**Exercise aim:** Starting from the top of the entries below and ending with the line containing "Figure 5. Long", restate every line word for word, pictures omitted.

#### Supplied records ####

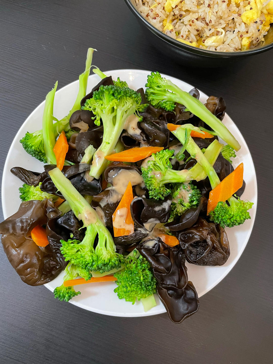 🥦凉拌西兰花木耳,爆炒羊肉,蛋炒饭
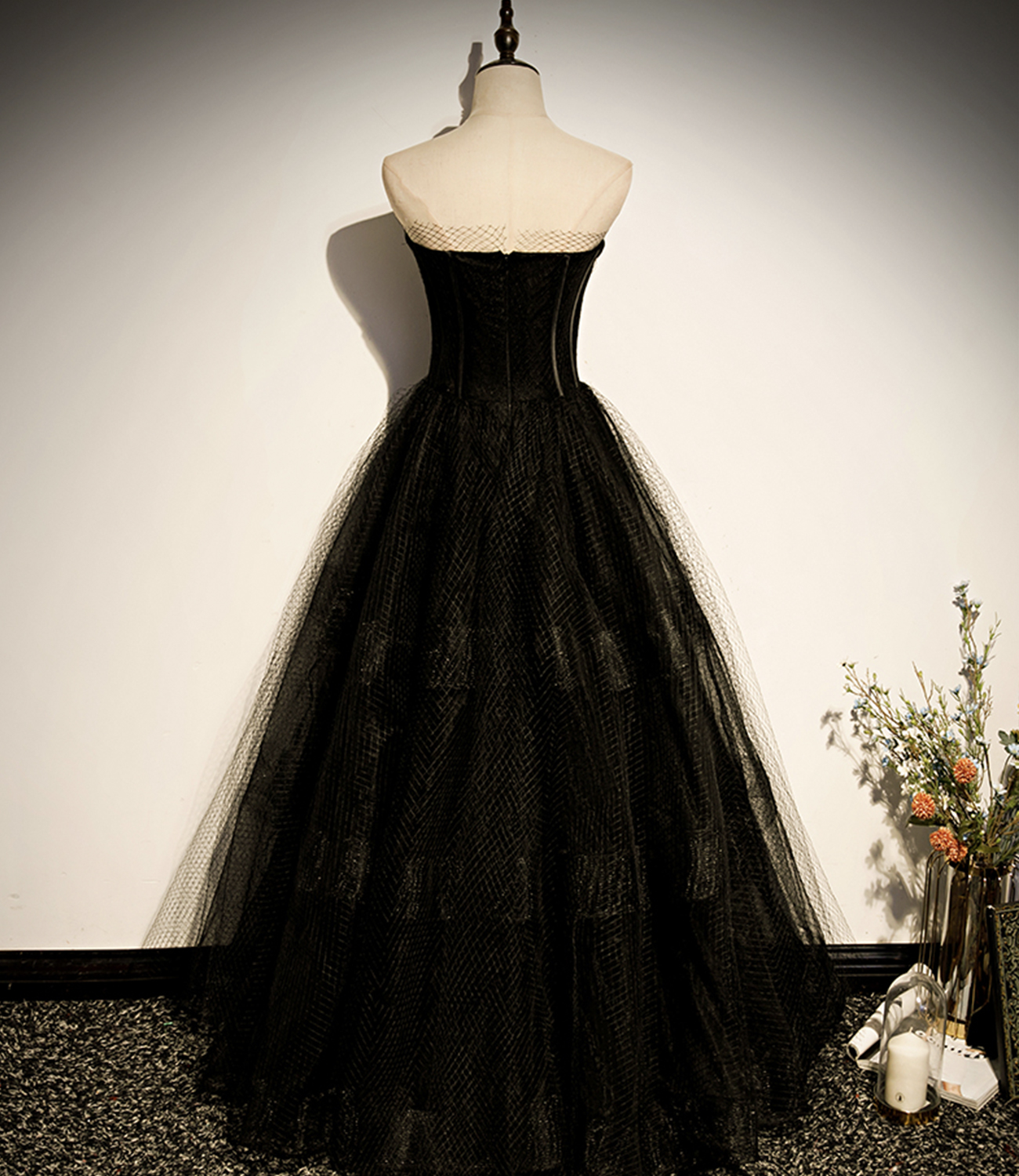 - Black tulle long A line prom dress black evening dress -
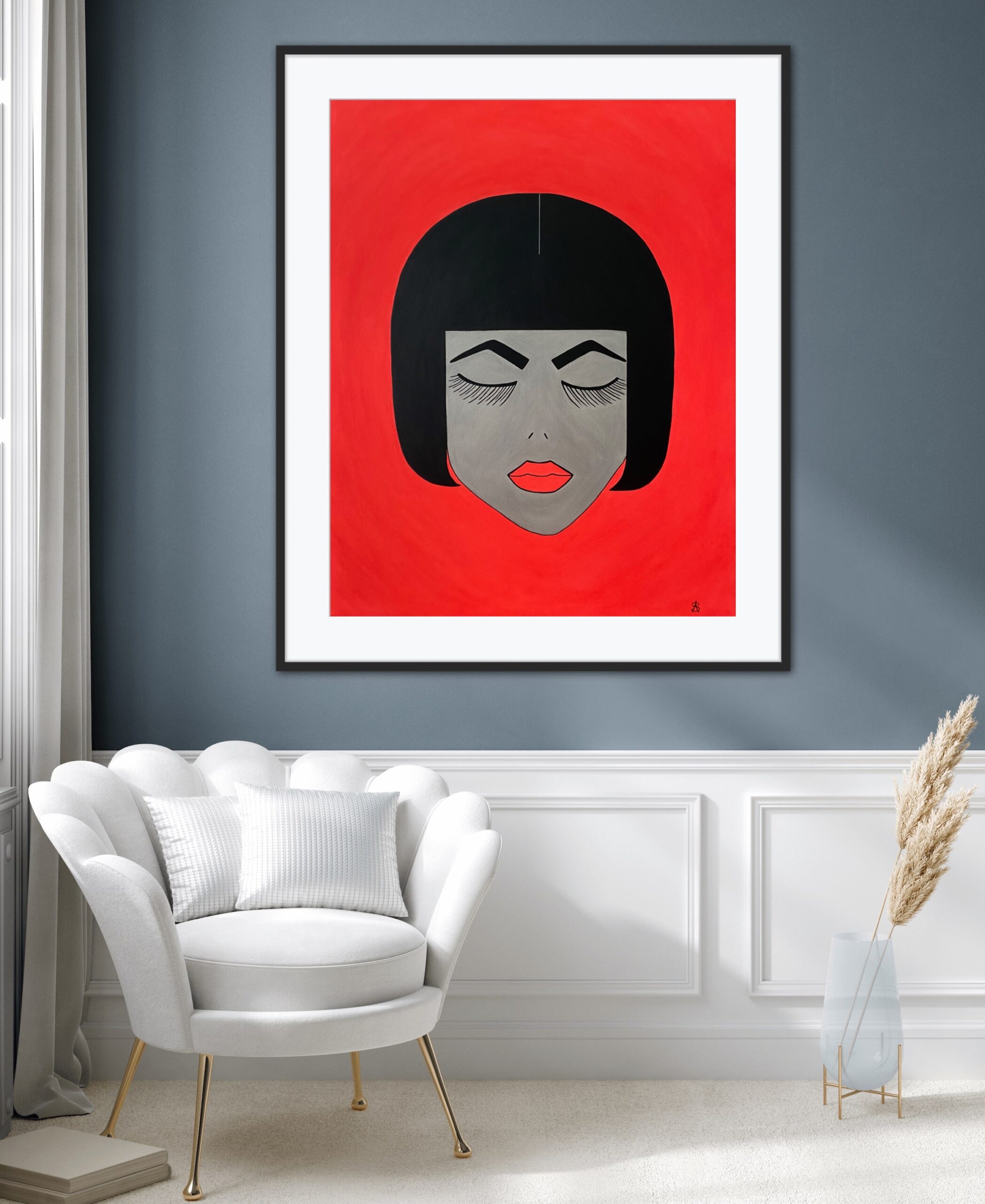 Miss Yang ruht mit geschlossenen Augen in sich – sie strahlt Stärke und Gelassenheit aus. Unbewegt ist ihr silbrig-helles stilisiertes Gesicht, eingerahmt vom akkuraten schwarzen Pagenkopf.
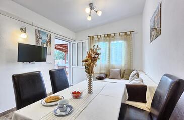 Ferienwohnung bietet Platz für 4 Gäste. Die Betten sind in Schlafzimmern, die es 2 gibt, innerhalb einer Gesamtfläche von 32m2, angeordnet. Die Gäste haben eine eigene Terrasse zur Verfügung, auf der sie in warmen Sommernächten genießen können. Das Apartment bietet Meerblick. Es ist erlaubt, Speisen auf dem Gemeinschafts-Grill vorzubereiten. In der Unterkunftseinheit besteht die Möglichkeit des Mitbringens von Haustieren gegen Aufpreis.
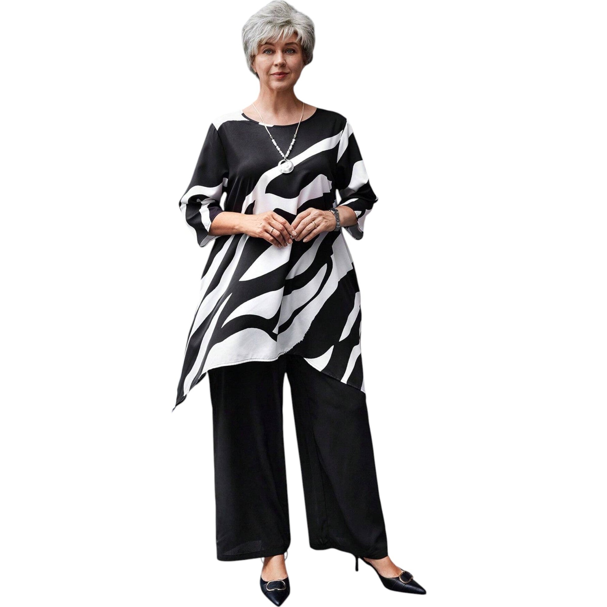 Címke nélküli, fekete-fehér, zebra mintás, kétrészes szett, aszimmetrikus tunikával és bő nadrággal.
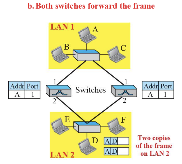 이로 인해 프레임이 무한히 증식되어 결국에는 네트워크 전체가 마비될 수 있다.
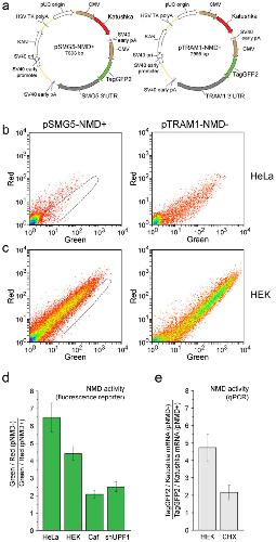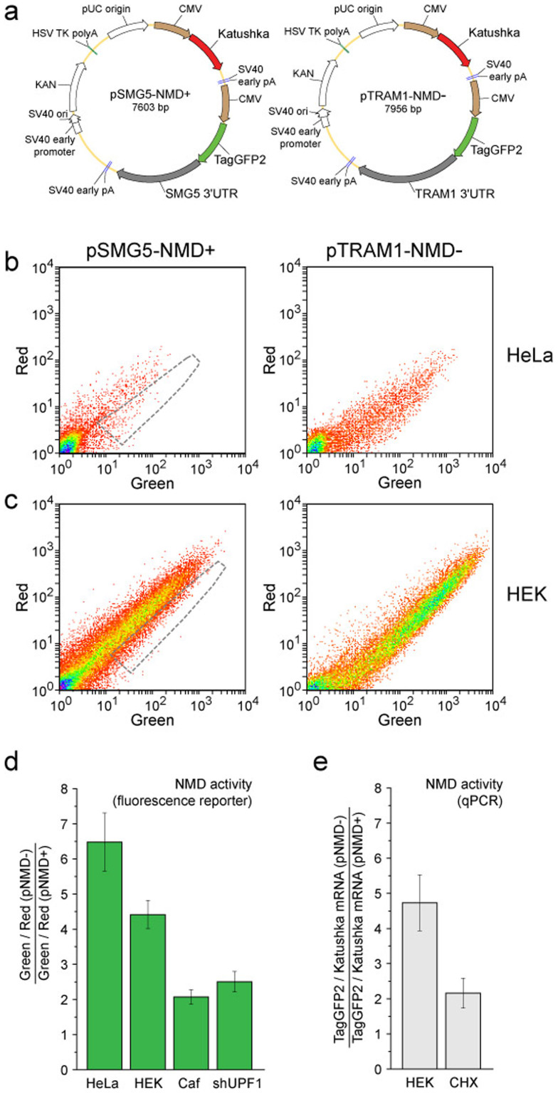 Figure 5. Long 3'UTR-dependent NMD reporter.(a) Main elements in the reporter vectors pSMG5-NMD+ (left) and pTRAM1-NMD− (right). Brown arrows – CMV promoters. Red arrows – Katushka coding region. Green arrows – TagGFP2 coding region. Grey arrows – 3'UTRs of SMG5 and TRAM1. (b,c) Flow cytometry analysis of HeLa (b) and HEK293T (c) cells transiently transfected with pSMG5-NMD+ (left plots) or pTRAM1-NMD− (right plots). Corresponding pairs of cell samples were analyzed using the same flow cytometer settings. The area of the corresponding NMD− cells is outlined by a gray dashed line on the NMD+ plots. (d,e) NMD activity in HeLa or HEK293T cells (untreated or treated with caffeine (Caf), anti-UPF1 shRNA (shUPF1) or cycloheximide (CHX)). Data were obtained by fluorescence reporter analysis (d) or qPCR (e). The mean data and standard deviation of at least 3 independent experiments are shown.
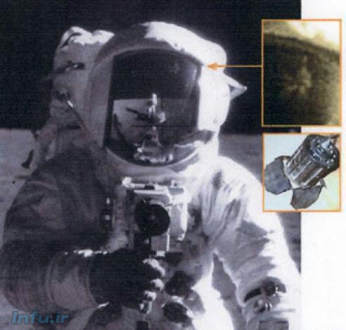 پس از انتشار عکسهای ناسا از ماه، شکاکان سریعا در یک عکس از شیشه هلمت فضانورد شی عجیبی دیدن که اصلا نباید وجود می داشت،برخی گفتند احتمالا یک نورافکن مخصوص استودیو فیلمبرداری است

####

**Answer space:**
 🥦凉拌西兰花木耳,爆炒羊肉,蛋炒饭
 - Black tulle long A line prom dress black evening dress -
 Miss Yang ruht mit geschlossenen Augen in sich – sie strahlt Stärke und Gelassenheit aus. Unbewegt ist ihr silbrig-helles stilisiertes Gesicht, eingerahmt vom akkuraten schwarzen Pagenkopf.
 Ferienwohnung bietet Platz für 4 Gäste. Die Betten sind in Schlafzimmern, die es 2 gibt, innerhalb einer Gesamtfläche von 32m2, angeordnet. Die Gäste haben eine eigene Terrasse zur Verfügung, auf der sie in warmen Sommernächten genießen können. Das Apartment bietet Meerblick. Es ist erlaubt, Speisen auf dem Gemeinschafts-Grill vorzubereiten. In der Unterkunftseinheit besteht die Möglichkeit des Mitbringens von Haustieren gegen Aufpreis.
 Címke nélküli, fekete-fehér, zebra mintás, kétrészes szett, aszimmetrikus tunikával és bő nadrággal.
 이로 인해 프레임이 무한히 증식되어 결국에는 네트워크 전체가 마비될 수 있다.
 Figure 5. Long 3'UTR-dependent NMD reporter.(a) Main elements in the reporter vectors pSMG5-NMD+ (left) and pTRAM1-NMD− (right). Brown arrows – CMV promoters. Red arrows – Katushka coding region. Green arrows – TagGFP2 coding region. Grey arrows – 3'UTRs of SMG5 and TRAM1. (b,c) Flow cytometry analysis of HeLa (b) and HEK293T (c) cells transiently transfected with pSMG5-NMD+ (left plots) or pTRAM1-NMD− (right plots). Corresponding pairs of cell samples were analyzed using the same flow cytometer settings. The area of the corresponding NMD− cells is outlined by a gray dashed line on the NMD+ plots. (d,e) NMD activity in HeLa or HEK293T cells (untreated or treated with caffeine (Caf), anti-UPF1 shRNA (shUPF1) or cycloheximide (CHX)). Data were obtained by fluorescence reporter analysis (d) or qPCR (e). The mean data and standard deviation of at least 3 independent experiments are shown.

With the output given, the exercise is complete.